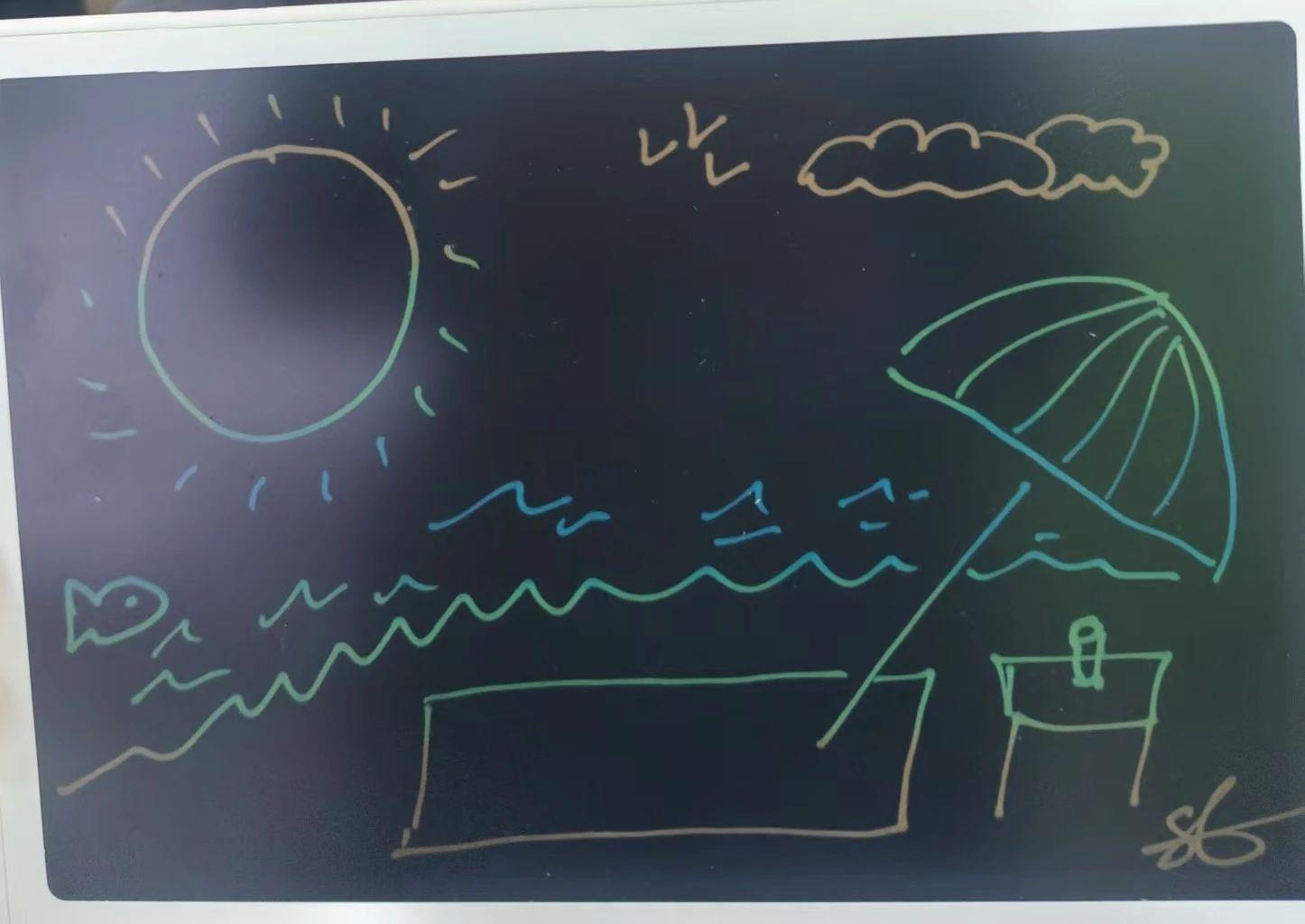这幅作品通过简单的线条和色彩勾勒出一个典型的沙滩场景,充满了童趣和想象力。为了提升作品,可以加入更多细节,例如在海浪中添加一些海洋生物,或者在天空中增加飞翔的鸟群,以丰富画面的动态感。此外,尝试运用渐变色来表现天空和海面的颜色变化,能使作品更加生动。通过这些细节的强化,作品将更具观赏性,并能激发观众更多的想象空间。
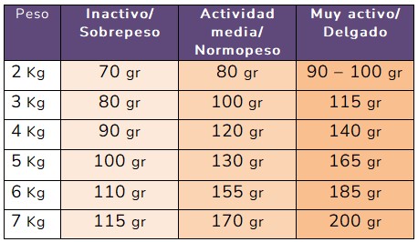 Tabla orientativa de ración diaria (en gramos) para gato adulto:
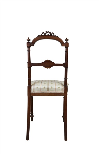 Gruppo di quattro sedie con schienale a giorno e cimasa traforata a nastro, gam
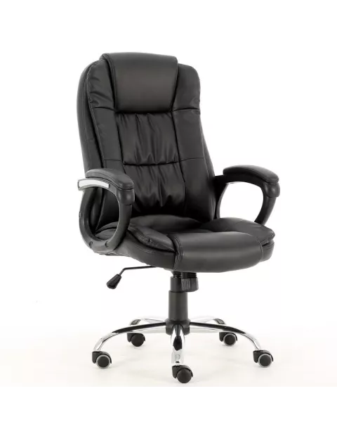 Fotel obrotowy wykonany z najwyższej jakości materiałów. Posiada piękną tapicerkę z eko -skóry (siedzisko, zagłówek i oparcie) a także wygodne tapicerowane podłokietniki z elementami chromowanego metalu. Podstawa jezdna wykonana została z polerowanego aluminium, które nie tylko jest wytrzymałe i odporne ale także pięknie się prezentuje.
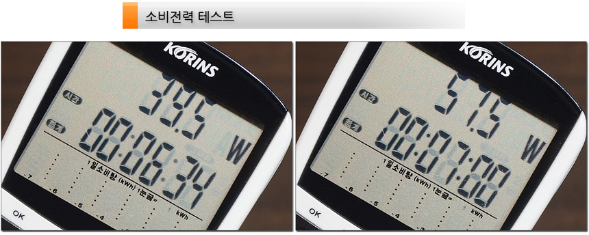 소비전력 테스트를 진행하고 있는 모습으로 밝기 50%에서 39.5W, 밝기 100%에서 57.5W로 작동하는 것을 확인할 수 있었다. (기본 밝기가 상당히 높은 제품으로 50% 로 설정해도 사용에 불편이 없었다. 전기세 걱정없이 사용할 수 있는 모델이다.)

--------------------------------

▶ Task description
All records, pictures excluded: copy them exactly.

▶ Task output
这幅作品通过简单的线条和色彩勾勒出一个典型的沙滩场景,充满了童趣和想象力。为了提升作品,可以加入更多细节,例如在海浪中添加一些海洋生物,或者在天空中增加飞翔的鸟群,以丰富画面的动态感。此外,尝试运用渐变色来表现天空和海面的颜色变化,能使作品更加生动。通过这些细节的强化,作品将更具观赏性,并能激发观众更多的想象空间。
 Tabla orientativa de ración diaria (en gramos) para gato adulto:
 Gruppo di quattro sedie con schienale a giorno e cimasa traforata a nastro, gam
 Fotel obrotowy wykonany z najwyższej jakości materiałów. Posiada piękną tapicerkę z eko -skóry (siedzisko, zagłówek i oparcie) a także wygodne tapicerowane podłokietniki z elementami chromowanego metalu. Podstawa jezdna wykonana została z polerowanego aluminium, które nie tylko jest wytrzymałe i odporne ale także pięknie się prezentuje.
 소비전력 테스트를 진행하고 있는 모습으로 밝기 50%에서 39.5W, 밝기 100%에서 57.5W로 작동하는 것을 확인할 수 있었다. (기본 밝기가 상당히 높은 제품으로 50% 로 설정해도 사용에 불편이 없었다. 전기세 걱정없이 사용할 수 있는 모델이다.)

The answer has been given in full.